Growing up, we never had the fat, bearded man from the North Pole who brought gifts to all the children of the world on Christmas Eve. My parents had made a decision that we would understand that any gifts given at Christmas were given in the spirit of Jesus, who was given to poor sinners. Gifts were not going to be earned by "good behavior," or lost to a lump of coal for bad behavior. (By the way, have you even known any children that have received coal?)
It never seemed to be a problem for me or my sisters. I can't remember any of us "ruining" it for the other kids. And now that I have my own children, I'm starting to understand how difficult it really is to keep Jesus as the entire point of Christmas.
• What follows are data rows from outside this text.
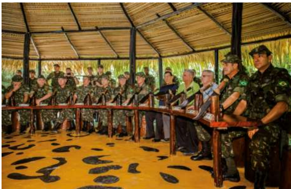
FIGURA 14 - TAPIRI DA MÍSTICA (VISÃO DA “TÁVOLA”)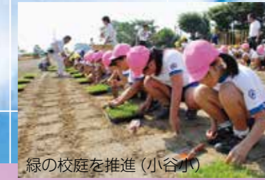
緑の校庭を推進(小谷小)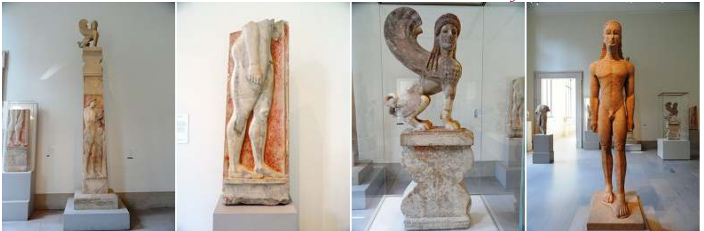
1 Estela de mármol. 530 B.C. 2 Fragmento de mármol de una estela. 530 B.C. 3 Capitel de mármol y remate en forma de una esfinge. 530-B.C. 4 Estatua de mármol de kouros. 590-580 B.C.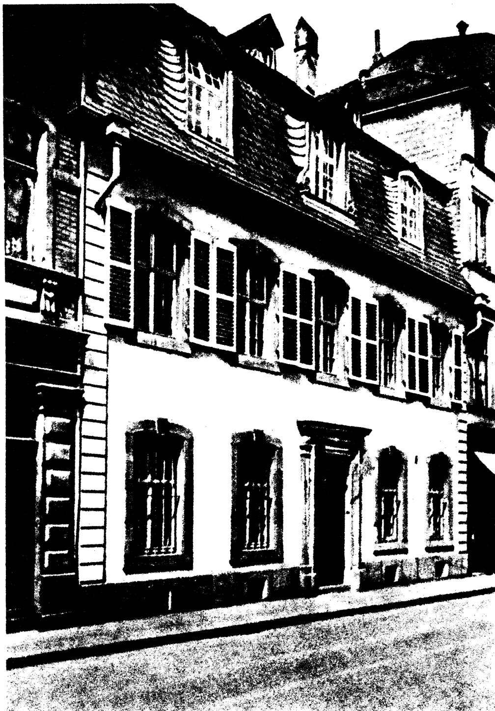
马克思在特利尔的诞生地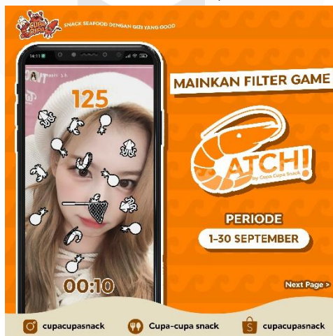
Gambar 13 Feeds interest instagram Sumber: amrullah, 2022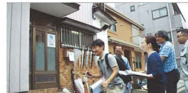
築38年の木造住宅を使った実地研修

築38年の賃貸住宅を使って、座学セミナーではなかなかわからない劣化の事象を、実際にじっくりと「見て」「触って」「理解する」ことを目的に開催。参加者を3つのチームにわけ、チームリーダー指導のもと、一日も早く現場デビューができるように、劣化状況の診断、検証、報告の仕方について、その都度、経験豊富な先輩会員のアドバイスを受けながら、現場の流れを体感してもらいました。最後には、依頼者から出そうな質問で「抜き打ちテスト」をしたり、内容の濃い研修となりました。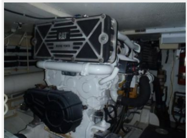
800hp Caterpillar 3406 Port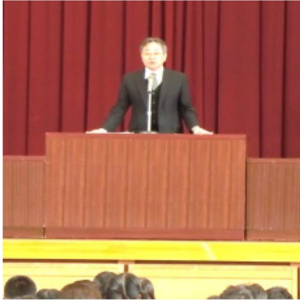
↑2・3年生を前に熱心に話される蒲原校長先生

最初に、先月の修了式で話したことは何かを生徒に投げかけた後、「自分の夢実現には執念が必要です。目標を立てて、執念を持ってその目標に向かって頑張るとともに、新入生に尊敬される先輩になっ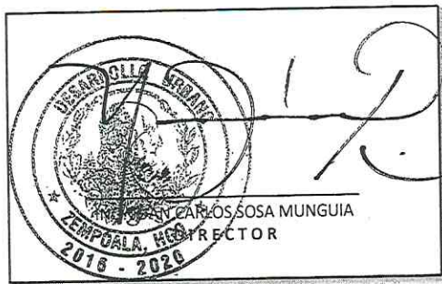
AUTORIZACION DESARROLLO URBANO

* LA EXPEDICION DE LA PRESENTE LICENCIA POR PARTE DEL MUNICIPIO, AMPARA UNICAMENTE EL TRAMITE DE SOLICITUD DE CONSTRUCCION Y NO EXIME AL SOLICITANTE DE LOS PERMISOS Y PROCESOS, QUE PARA SU FUNCIONAMIENTO REQUIERE LA OBRA POR PARTE DE LAS DEPENDENCIAS ESTATALES Y FEDERALES, ASI MISMO EL MUNICIPIO NO SE HACE RESPONSABLE POR VIOLACIONES DE MAL FUNCIONAMIENTO EMITIDAS POR ESTAS.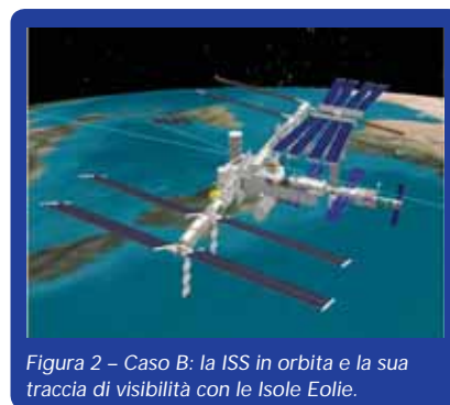
Figura 2 – Caso B: la ISS in orbita e la sua traccia di visibilità con le Isole Eolie.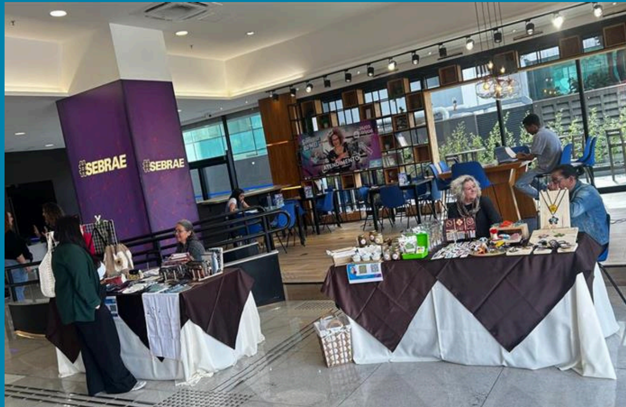
Sebrae - Sede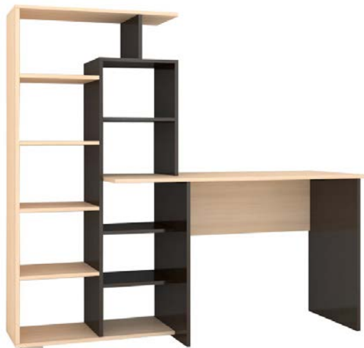
Схема сборки изделия Компьютерный стол «Квартет-4» 1500*1510*500 (ВхШхГ)

Рекомендуется пользоваться услугой по сборке квалифицированных специалистов, имеющих пригодные для этих целей оборудование, инструмент, а также необходимые знания и навыки.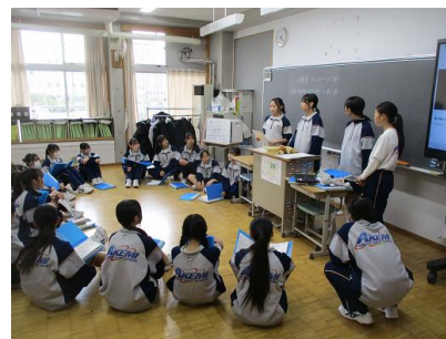
各担当・各パートごとに集まり、発表内容について検討したり練習したりしています。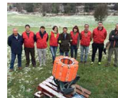
Curs de jutges de Compak Sporting i Recorreguts de Caça

El 25 de juny de 2017, en el marc de la IV Fira del Caçador de Sant Fruitós de Bages està previst celebrar un reconeixement de raça de podenc eivissenc. Aquesta és l'oportunitat de portar a reconèixer els vostres gossos!

But St. Nick helps us make sense of this all. From the Treasury of Daily Prayer:
Of the many saints commemorated by the Christian Church, Nicholas (d. AD 342) is one of the best known. Very little is known historically of him, through there was a church of Saint Nicholas in Constantinople as early as the sixth century. Research has affirmed that there was a bishop by the name of Nicholas in the city of Myra in Lycia (part of modern Turkey) in the fourth century. From that coastal location, legends about Nicholas have traveled throughout time and space. He is associated with charitable giving in many countries around the world and is portrayed as the rescuer of sailors, the protector of children, and the friend of people in distress or need. In commemoration of "Sinte Klaas" (Dutch for "Saint Nicholas," in English "Santa Claus"), December 6 is a day for giving and receiving gifts in many parts of Europe.
The real Santa Claus is not a fat man from the North Pole who checks his list to make sure whether or not you are bad or good. The real Santa Claus was a Christian, a Pastor, who understood his call to discipleship. He took up his cross and cared for his fellow man--his neighbor. Unfortunately, that story doesn't sell.
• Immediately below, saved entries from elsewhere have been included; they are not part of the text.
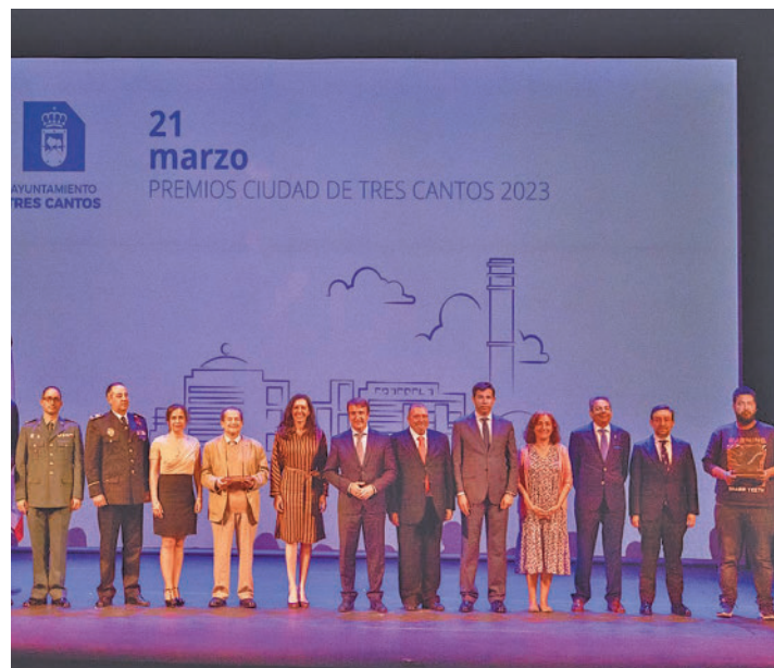
Foto de familia de los galardonados

La gala de los Premios Ciudad de Tres Cantos vivió su décima edición ● El alcalde de la localidad agradeció "su contribución por llevar la excelencia más allá de nuestras fronteras"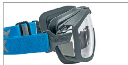
x-tended sideshield pour une protection de la région oculaire latérale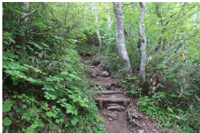
こんな道を登っていきます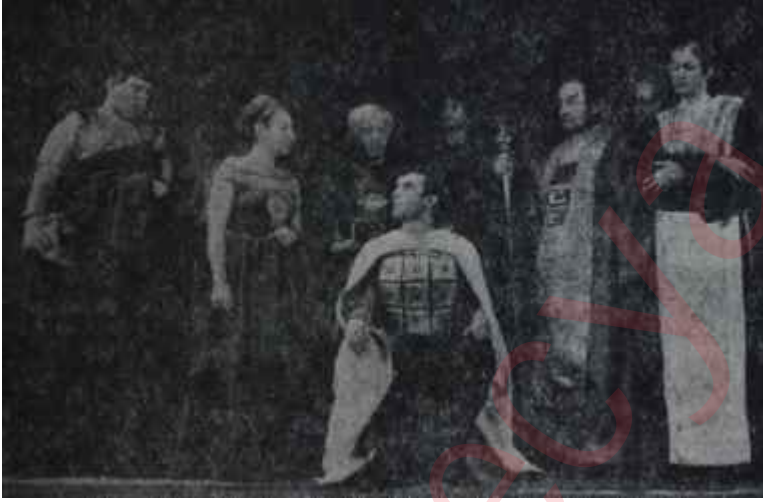
50. yıl jübilesinde "coriolanus" Kapalı tiyatrodan açikhavaya

— İstanbul Operası ile Şehir Orkestralarının Millî Eğitim Bakanlığına devri ve inşaatı bitmek üzere olan İstanbul Opera binasında faaliyete geçirilecek Devlet Tiyatro,

This year, in the Truwe house, we stuffed stockings, and tonight after dinner we will have our Advent devotion, crossing off another day gone by, moving closer to the Feast of the Incarnation of our Lord. But tonight, like St. Nicholas did in the 4th Century, we will give gifts, not because our family has earned our love, but because we have first been loved--and undeservedly so.
We won't expect anyone to fall down our chimney this Christmas Eve, but St. Nicholas will definitely be a part of our Advent season, and I hope he's a part of yours.
Almighty God, You bestowed upon Your servant Nicholas of Myra the perpetual gift of charity. Grant Your Church the grace to deal in generosity and love with children and with all who are poor and distressed and to plead the cause of those who have no helper, especially those tossed by tempests of doubt or grief. We ask this for the sake of Him who gave His life for us, Your Son, our Savior, Jesus Christ, our Lord, who lives and reigns with You and the Holy Spirit, one God, now and forever. Amen.